◆ Your objective
An exact copy of every record, with no pictures, please.

*** Opening of Record excerpts ***

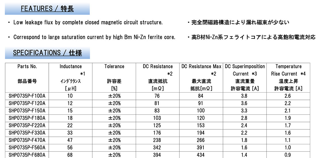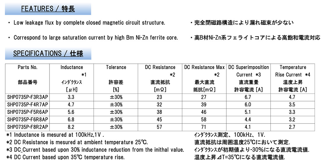 SHP0735P-F4R7AP SHP0735P-F5R6AP SHP0735P-F6R8AP SHP0735P-F8R2AP SHP0735P-F3R3A
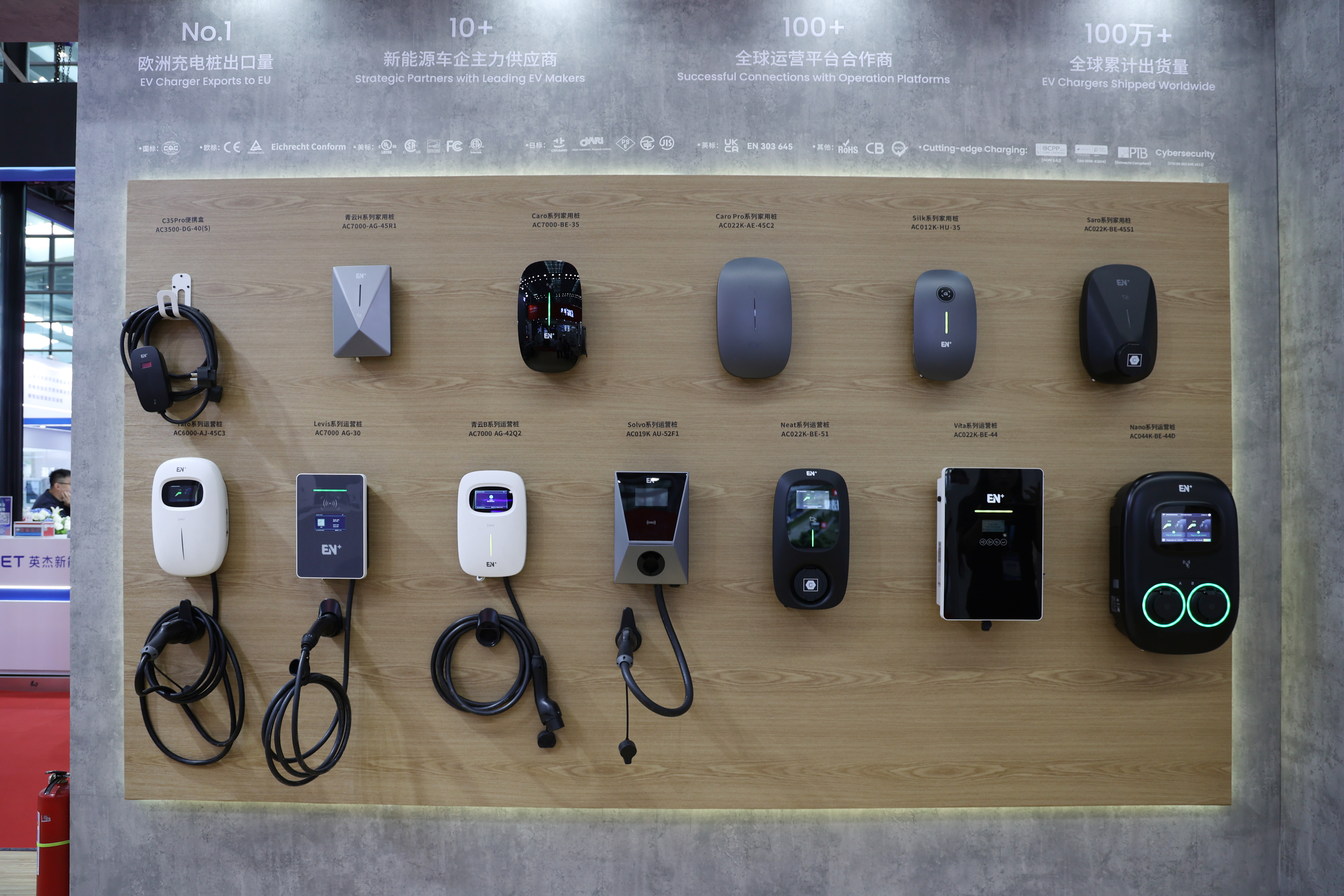EN+科技深耕充電樁行業九年,擁有業內最全的產品矩陣,獲得100多項專業認證。本次展會中,EN+科技也帶來了多款產品,從3.5kW的便攜充電盒到480kW的分體式直流充電樁,覆蓋多種充電場景。
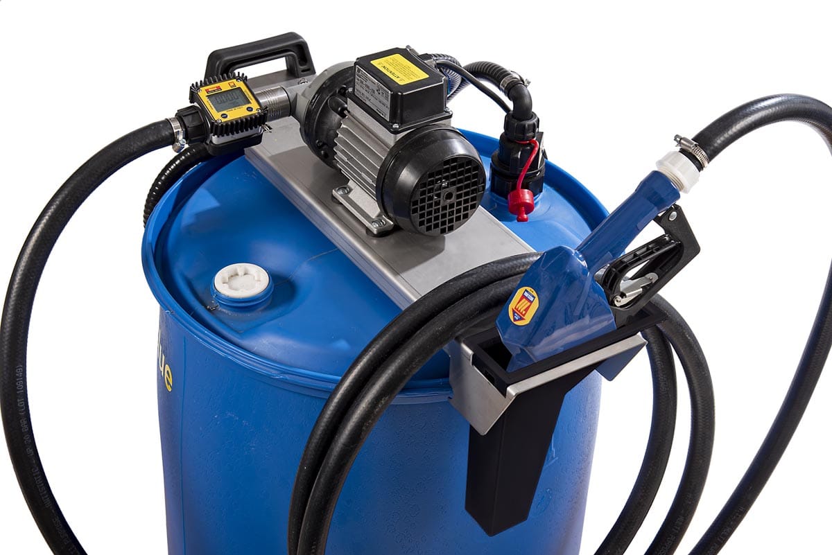 Kit AdBlue® adatto al travaso da fusti nei serbatoi dei veicoli. Composto da: staffa di supporto e fissaggio in acciaio inox per fusti , pompa elettrica autoadescante a membrana, contalitri digitale, pistola manuale o automatica, tubo EPDM lunghezza 6 m, e connessione di aspirazione.
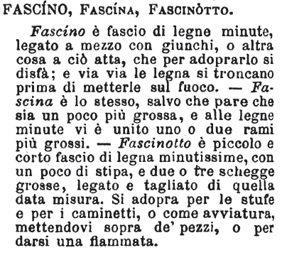 | Fascina, Fastello, Fascinotto; Affastellare, Abborracciare, Acciabattare, Arrocchiare, Abboraccione, Ciabattone, Ciarpone, Arrocchione, Strafalcione - Fascina, fascio di ramoscelli, di legna minuta e di sarmenti legato con giunchi. Fascinotto, piccola fascina già preparata per mettere sul fuoco; può essere legata o no; si fa un fascinotto prendendo uno o due buone manate di ramoscelli, virgulti o sarmenti, rompendoli onde riescano di tale lunghezza da poter capire nel camminetto, e, così accomodato, o si lega per riporre e servirsene all'uopo, o si mette immediatamente nel focolare, il più delle volte per accendere il fuoco o per fare una fiammata. Fastello, piccolo fascio di legna grosse o minute, o d'altro: è termine più generico.
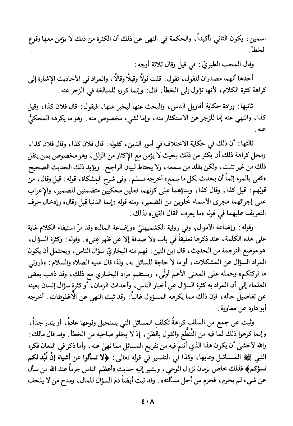 ثالثها: أن ذلك في حكاية الاختلاف في أمور الدين، كقوله: قال فلان كذا، وقال فلان كذا، ومحل كراهة ذلك أن يكثر من ذلك بحيث لا يؤمن مع الإكثار من الزلل، وهو مخصوص بمن ينقل ذلك من غير تثبت، ولكن يقلد من سمعه، ولا يحتاط لبيان الراجح. ويؤيد ذلك الحديث الصحيح "كفى بالمرء إثمًا أن يحدث بكل ما سمع" أخرجه مسلم. وفي شرح المِشكاة، قوله: قيل وقال، من قولهم: قيل كذا، وقال كذا، وبناؤهما على كونهما فعلين محكيين متضمنين للضمير، والإعراب على إجرائهما مجرى الأسماء خلوين من الضمير، ومنه قوله "إنما الدنيا قيل وقال" وإدخال حرف التعريف عليهما في قوله "ما يعرف القال القيل" لذلك.
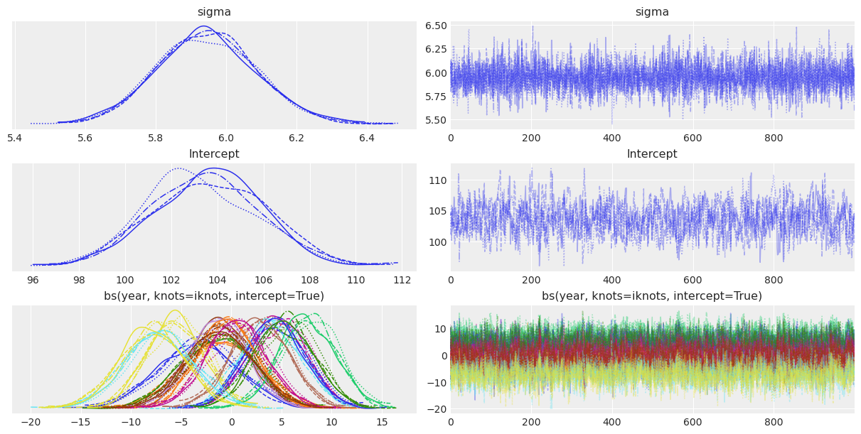 bs(year, knots=iknots)[14] | -6.078 | 3.111 | -11.481 | 0.258 | 0.074 | 0.043 | 1770.0 | 2634.0 | 1.0 |

*** Close of Record excerpts ***

◆ Task answer
 SHP0735P-F4R7AP SHP0735P-F5R6AP SHP0735P-F6R8AP SHP0735P-F8R2AP SHP0735P-F3R3A
EN+科技深耕充電樁行業九年,擁有業內最全的產品矩陣,獲得100多項專業認證。本次展會中,EN+科技也帶來了多款產品,從3.5kW的便攜充電盒到480kW的分體式直流充電樁,覆蓋多種充電場景。
 Kit AdBlue® adatto al travaso da fusti nei serbatoi dei veicoli. Composto da: staffa di supporto e fissaggio in acciaio inox per fusti , pompa elettrica autoadescante a membrana, contalitri digitale, pistola manuale o automatica, tubo EPDM lunghezza 6 m, e connessione di aspirazione.
 | Fascina, Fastello, Fascinotto; Affastellare, Abborracciare, Acciabattare, Arrocchiare, Abboraccione, Ciabattone, Ciarpone, Arrocchione, Strafalcione - Fascina, fascio di ramoscelli, di legna minuta e di sarmenti legato con giunchi. Fascinotto, piccola fascina già preparata per mettere sul fuoco; può essere legata o no; si fa un fascinotto prendendo uno o due buone manate di ramoscelli, virgulti o sarmenti, rompendoli onde riescano di tale lunghezza da poter capire nel camminetto, e, così accomodato, o si lega per riporre e servirsene all'uopo, o si mette immediatamente nel focolare, il più delle volte per accendere il fuoco o per fare una fiammata. Fastello, piccolo fascio di legna grosse o minute, o d'altro: è termine più generico.
 ثالثها: أن ذلك في حكاية الاختلاف في أمور الدين، كقوله: قال فلان كذا، وقال فلان كذا، ومحل كراهة ذلك أن يكثر من ذلك بحيث لا يؤمن مع الإكثار من الزلل، وهو مخصوص بمن ينقل ذلك من غير تثبت، ولكن يقلد من سمعه، ولا يحتاط لبيان الراجح. ويؤيد ذلك الحديث الصحيح "كفى بالمرء إثمًا أن يحدث بكل ما سمع" أخرجه مسلم. وفي شرح المِشكاة، قوله: قيل وقال، من قولهم: قيل كذا، وقال كذا، وبناؤهما على كونهما فعلين محكيين متضمنين للضمير، والإعراب على إجرائهما مجرى الأسماء خلوين من الضمير، ومنه قوله "إنما الدنيا قيل وقال" وإدخال حرف التعريف عليهما في قوله "ما يعرف القال القيل" لذلك.
 bs(year, knots=iknots)[14] | -6.078 | 3.111 | -11.481 | 0.258 | 0.074 | 0.043 | 1770.0 | 2634.0 | 1.0 |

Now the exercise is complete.